Under a 1996 EU law, applied retroactively to all artists whose copyright had not yet run out, Brancusi’s copyright is controlled by his heirs for 70 years following his death and will not come into the public domain until 2028, a document shared by ADAGP states.

Popescu’s case hinges on the fact that, at the time of Brancusi’s passing, copyright laws in Romania extended to just 15 years after death and so ran out in 1973.

Gate of the Kiss (1938) by Brancusi also stands in Targu Jiu

Visarta, a sister organisation of ADAGP in Romania, counters that the legislation in force in the country at the time of Brancusi’s death “cannot be applied in the case of C. Brancusi, who, from 1952, was a French citizen”.

“Although Romania acceded to the European Union in 2007, the legislator also took into account the provisions of [the EU’s 1996 law, including] the existence of the protection period of 70 years, calculated from 1 January of the year following the one when the death of the author occurred,” the document adds.

But a 2004 amendment to this law might throw this into question.

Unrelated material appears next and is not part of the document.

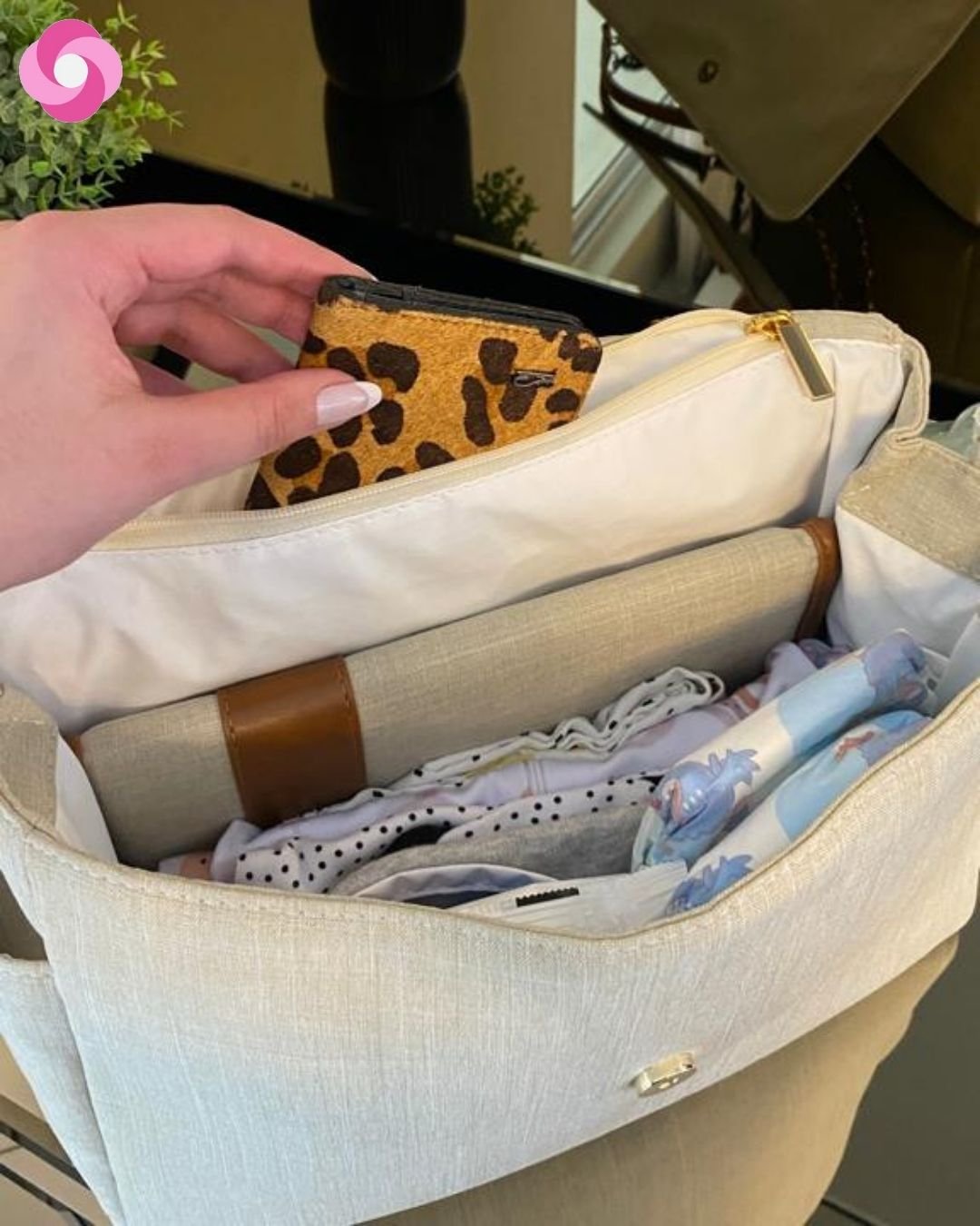 Já acompanha um trocador portátil de brinde do mesmo tecido da bolsa!
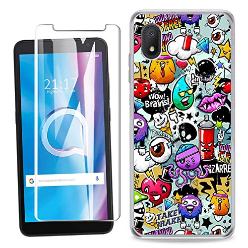 SCDMY Custodia per Alcatel 1B 2020 Cover + Vetro Temperato, Trasparente Silicone TPU Morbido Custodia Protezione Case Copertura Cover Pellicola Protettiva per Alcatel 1B 2020(5.5") - XS40

It states that the extended length of copyright is only applicable if “the protection terms have not expired”, meaning that Brancusi’s work was in the public domain well before Romania joined the EU.

"For years, authorities have been granted rights that they did not have"
Iulian Popescu

Furthermore, Popescu points out that in the case of architectural works or those with a fixed location, such as the Targu Jiu ensemble, according to the Berne Convention, national legislation applies, so even if the will and other documents were made in France or another country, Romanian law is applicable.

Politician Iulian Popescu plans to take Brancusi's heir to court

Popescu claims that the citizens of Targu Jiu have lost out on “millions” in tourist merchandise and other Brancusi-themed ventures. Visarta’s withholding of rights also obstructs the production of informative leaflets and limits scholarship efforts—for example, denying images of the Targu Jiu sculptures to be printed in books or featured in movies. He adds that it is “unfair” that local councils must pay for the upkeep of the sculptures but are unable to fully reap the rewards of the works.

Prominent Brancusi experts, such as Pavel Suvara and Doru Strambulesc from the Brancusi Research and Documentation Centre in Targu Jiu, have welcomed Popescu's action. But others, such as Doina Lemny, researcher at the Pompidou Centre and Brancusi expert say "there is no doubt" about the legality of Nicol's claim.

“I have consulted lawyers and specialists in the field who made the thread of events regarding this copyright, and it follows that for years, authorities have been granted rights that they did not have,” Popescu says. He plans to take the case to court within the next few months.

He is undeterred by the results of a court case in 2002, when Visarta successfully sued Targu Jiu City Hall, the Constantin Brancusi Culture and Art Center and the advertising agency McCann Erikson for using images of Brancusi’s Endless Column in a soft drink commercial.

"I refuse to wait another 7 years for something to which my community has been entitled since 1973!"
Iulian Popescu

Visarta president Irina Florescu says: “There is a clearly written legal procedure here. But apparently, not all users want to follow the letter of the law. You can’t make a mockery of his oeuvre by producing kitsch.”

But Popescu, who dismisses the current laws as "urban legend", says he will not "bow his head" to Visarta's legal team. "I refuse to wait another 7 years for something to which my community has been entitled since 1973!"